Problem details:
What you return must match the listing below exactly, minus any pictures.

Given data:
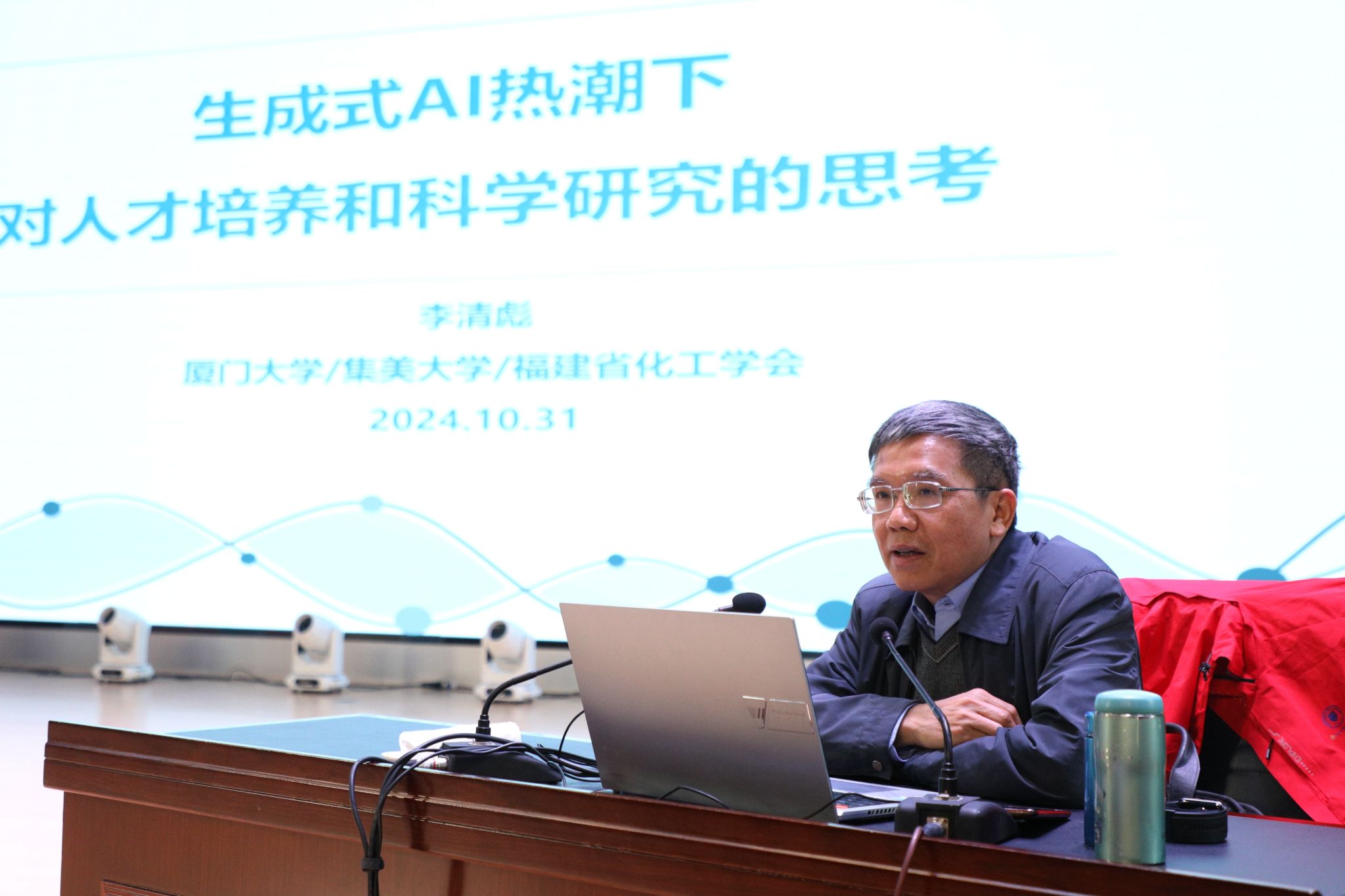 10月31日,集美大学原校长、中国化工学会会士李清彪教授应邀来校,作题为《生成式AI热潮下对人才培养和科学研究的思考》专题报告暨2024年新教师岗前培训开班第一课。报告会在学校大礼堂举行,由校长邢卫红主持。全体校领导、党委常委,全体中层干部、科级干部,各学院师生代表,2024年新教师岗前培训班全体学员以及相关单位教职工聆听报告。
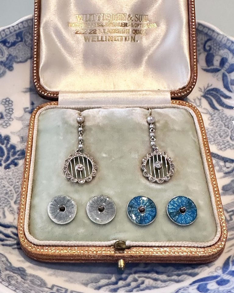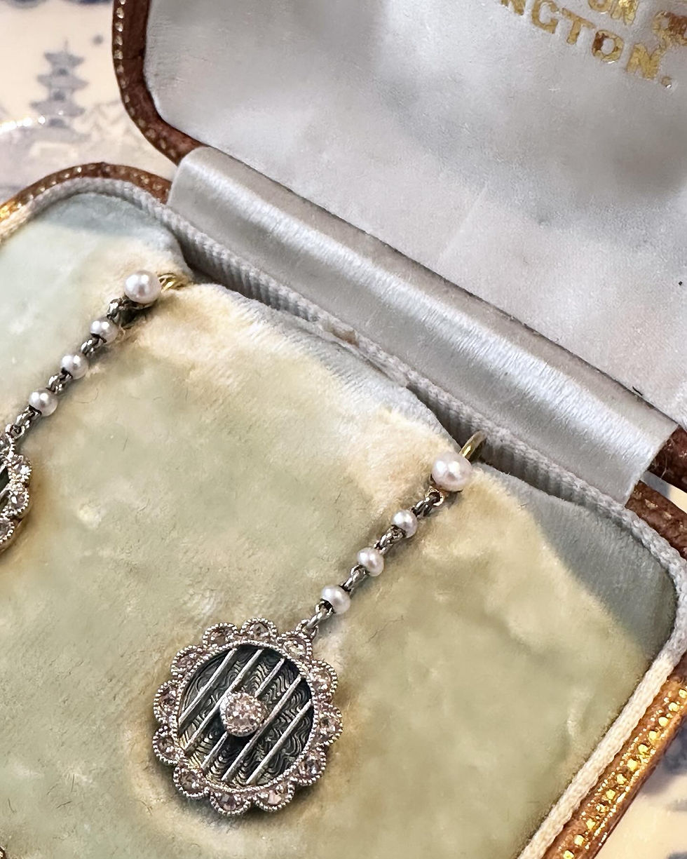 Rare Boxed Edwardian Pearl and Diamond Earrings
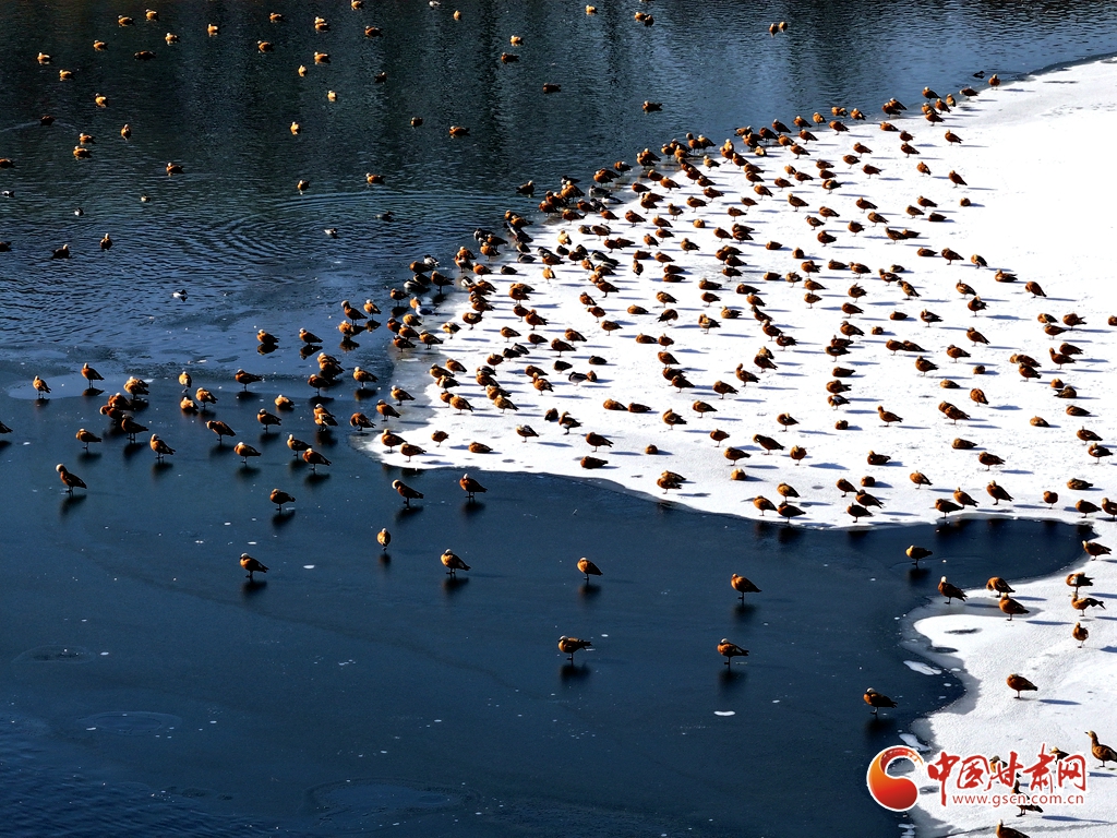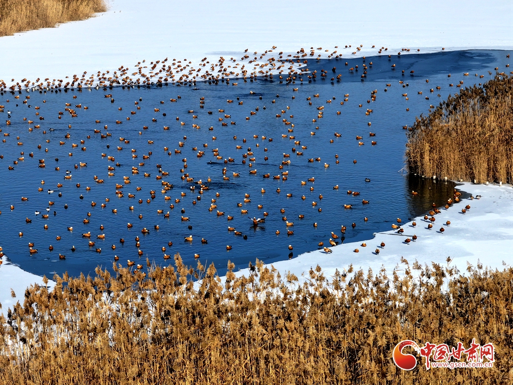 1月11日,甘肅省張掖國(guó)家濕地公園里,成群的赤麻鴨棲息覓食,成為濕地一道亮麗風(fēng)景。

The answer:
 10月31日,集美大学原校长、中国化工学会会士李清彪教授应邀来校,作题为《生成式AI热潮下对人才培养和科学研究的思考》专题报告暨2024年新教师岗前培训开班第一课。报告会在学校大礼堂举行,由校长邢卫红主持。全体校领导、党委常委,全体中层干部、科级干部,各学院师生代表,2024年新教师岗前培训班全体学员以及相关单位教职工聆听报告。
 Rare Boxed Edwardian Pearl and Diamond Earrings
 1月11日,甘肅省張掖國(guó)家濕地公園里,成群的赤麻鴨棲息覓食,成為濕地一道亮麗風(fēng)景。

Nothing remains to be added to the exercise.